The brightest, most sorted of minds are perhaps occasionally attracted to toxicity. Makes me feel so much better about myself to know. Being attracted to a feeling of lack induced by something/someone when everything else is seemingly fine is a toxic trait I’ve been long since been guilty of. Worse still, perhaps one I’ll still hold on to. Despite the awareness of wanting to lean towards positivity, there is always this battle with attraction to toxicity that kind of completes me. Mostly because I’ve learnt to embrace and have fun with it. A sentient mind with a reserved corner for a devil’s workshop; it’s a fun place to be.
It does drain the sanity of the mind when it surfaces unwelcome most often in isolation. The fact that we, despite being aware of it, end up seeking and chasing a feeling of lack induced by something that we know is toxic is an excruciating thing. What makes us chase a sense of void or lack? What in the psychological stream of things justifies a search for imbalance of the mind?

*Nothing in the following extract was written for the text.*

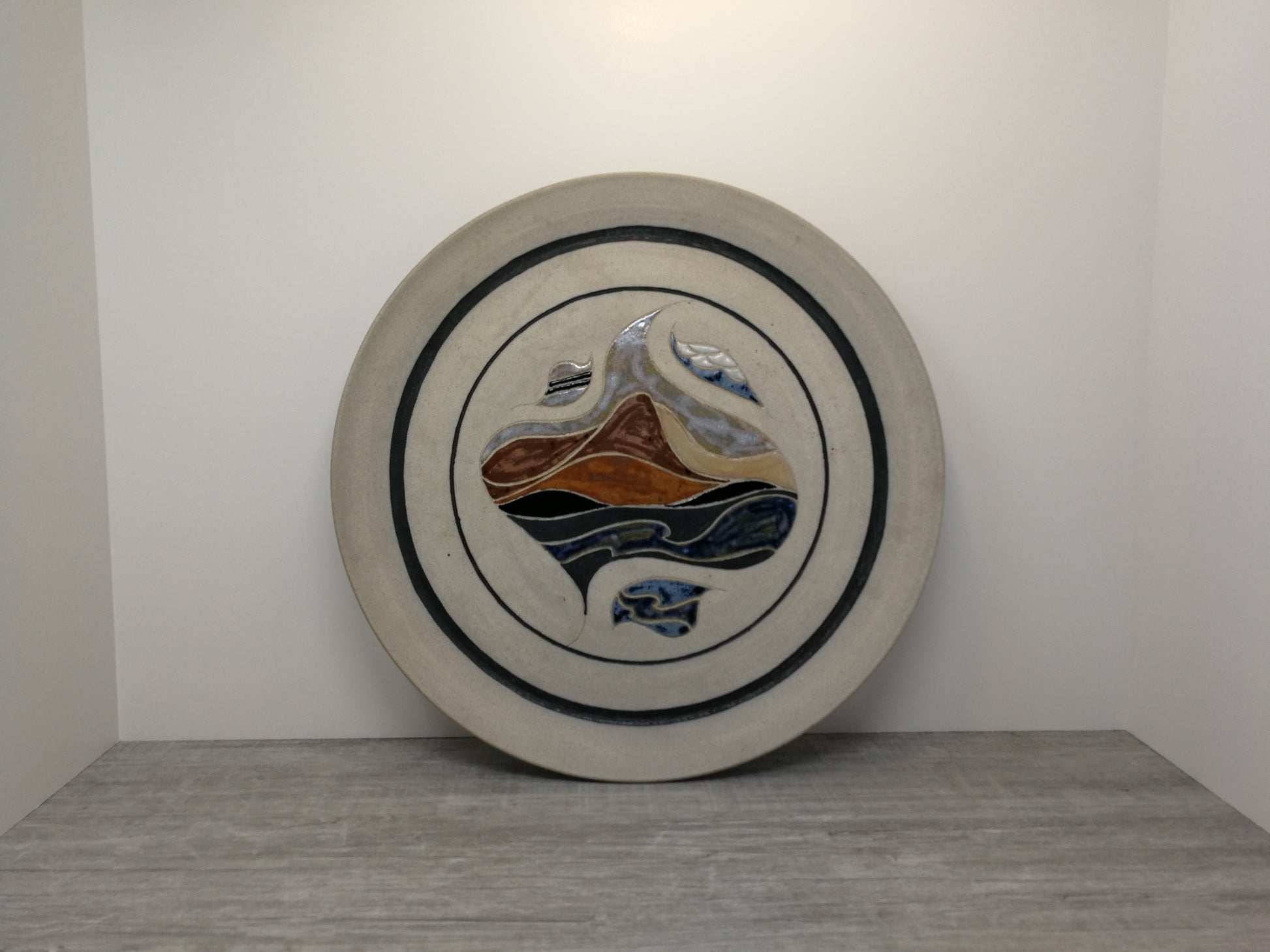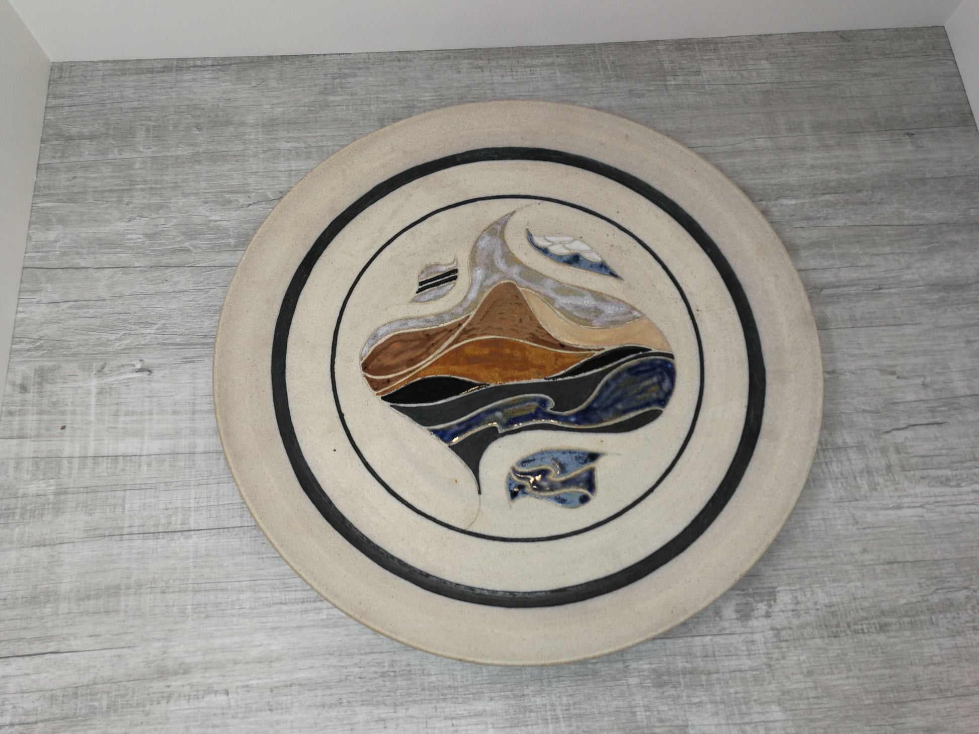 Fantastic large abstract West Coast landscape art pottery charger by artist / potter Henry Gottardi. Qualicum Beach, British Columbia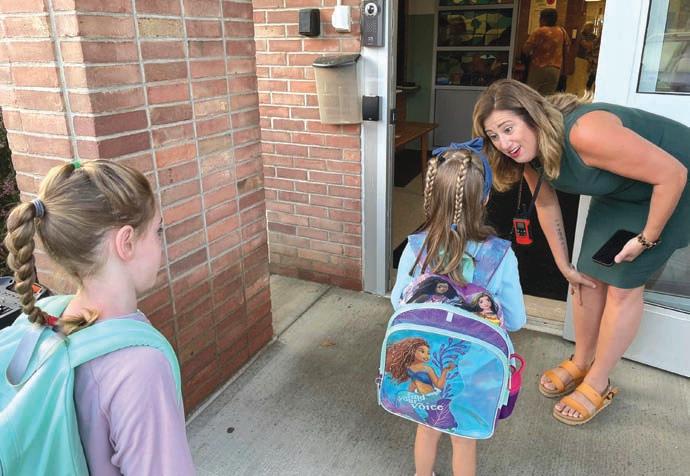 COOPERSTOWN—Eleanor Spencer is greeted by Cooperstown Elementary School Principal Amy Malcuria on her first day of school as sister Meadow looks on. CCS students returned to school on Thursday, September 7.

Perhaps we don’t look for it; we end up accepting the unfavourable state of affairs and give it a facade of having done it willingly. After all, it is cooler to believe and tell ourselves that we’re in control of even the negative things that happens to us and it defines a dark side of our personality. I do not believe anyone consciously seeks it out; we just end up colouring it all in the tranquilizing hue of choice. No, I’m perhaps not chasing this toxicity; I’m only accepting it.